Kubernetes 1.36 successfully introduces a topology-aware and DRA-aware scheduling algorithm for the Kubernetes kube-scheduler, specifically designed for high-performance distributed workloads like AI/ML training. The DRA (Dynamic Resource Allocation) integration is particularly important for GPU-intensive workloads that need specific hardware configurations.

Understanding Gang Scheduling in Kubernetes 1.36

Gang scheduling solves a critical problem in distributed workloads: ensuring that all pods in a workload group are scheduled together or not at all. Without gang scheduling, you might end up with partial deployments where some pods are running while others are stuck pending, effectively wasting resources and preventing the workload from making progress.

The all-or-nothing policy is at the core of gang scheduling. The minCount field defines the quorum: at least that many pods must be schedulable together for the group to be admitted. This prevents the common scenario where distributed training jobs get partially scheduled and hang indefinitely.

The benefits extend beyond just admission control. Gang scheduling lets controllers, status reporting, future preemption behavior, and future workload-aware features reason about related pods even if those pods do not need strict all-or-nothing admission.

Configuring Workload-Aware Scheduling for AI/ML Workloads

Note: The workload-aware scheduling features in Kubernetes 1.36 are in alpha status. You’ll need to enable feature gates and understand that APIs may change in future releases.

The new architecture introduces two key APIs that work together:

Workload API (Static Template)

The Workload API defines the static configuration for your workload group. This includes resource requirements, topology constraints, and scheduling policies that don’t change during the workload’s lifecycle.

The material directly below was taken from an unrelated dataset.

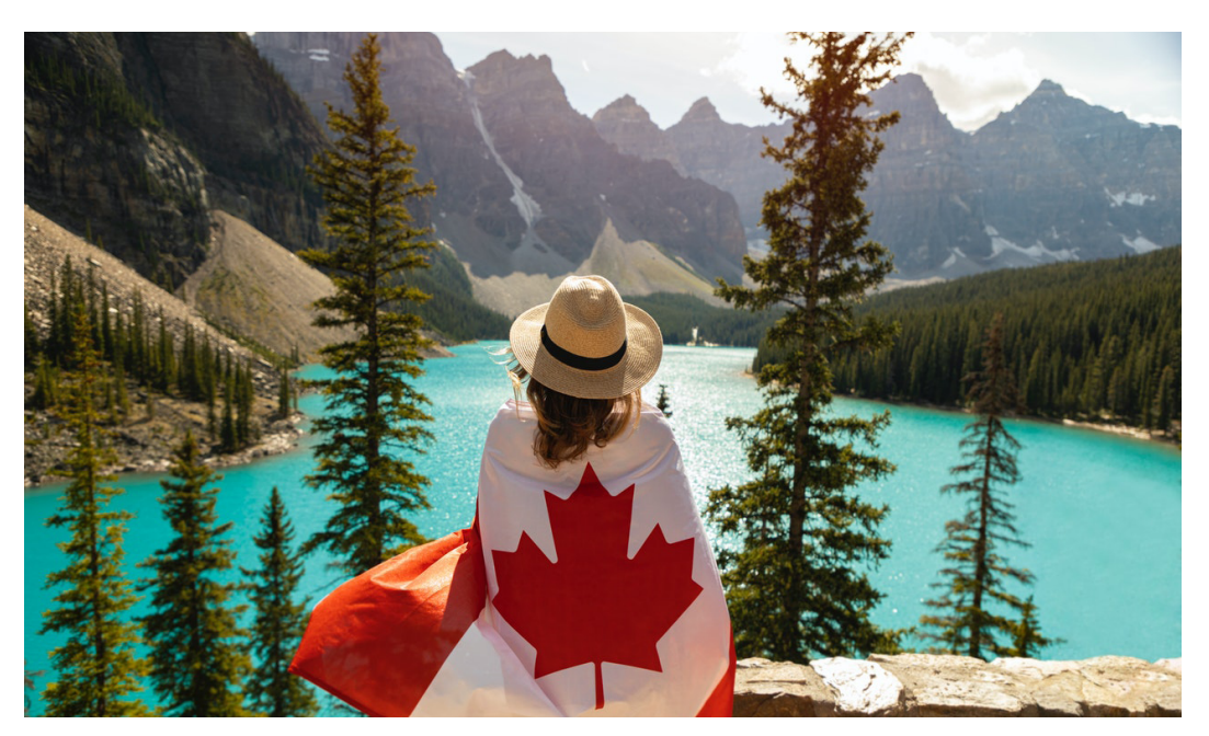
Woman draped in flag of Canada

Aside from majestic scenery, maple syrup, and hockey, the country is known for its diversity and most especially for its kind and welcoming people.

PodGroup API (Runtime State)

The PodGroup API handles the runtime state with native Job controller integration. This separation allows the scheduler to make more informed decisions about pod placement while maintaining clean separation of concerns.

Resource Optimization Strategies

For AI/ML workloads, resource optimization goes beyond simple CPU and memory allocation. You need to consider:

Topology-Aware Scheduling

The new topology-aware scheduling algorithm understands the physical layout of your cluster and can make intelligent decisions about pod placement. This is crucial for distributed training where network topology directly impacts performance.

For GPU-intensive workloads, the scheduler can now consider:

  • NUMA topology for optimal memory access patterns
  • GPU interconnect topology (NVLink, InfiniBand)
  • Network bandwidth between nodes
  • Storage locality for large datasets

DRA Integration for GPU Workloads

The DRA-aware scheduling algorithm represents a major step forward for GPU resource management. Instead of treating GPUs as simple countable resources, the scheduler can now understand GPU capabilities, memory requirements, and interconnect requirements.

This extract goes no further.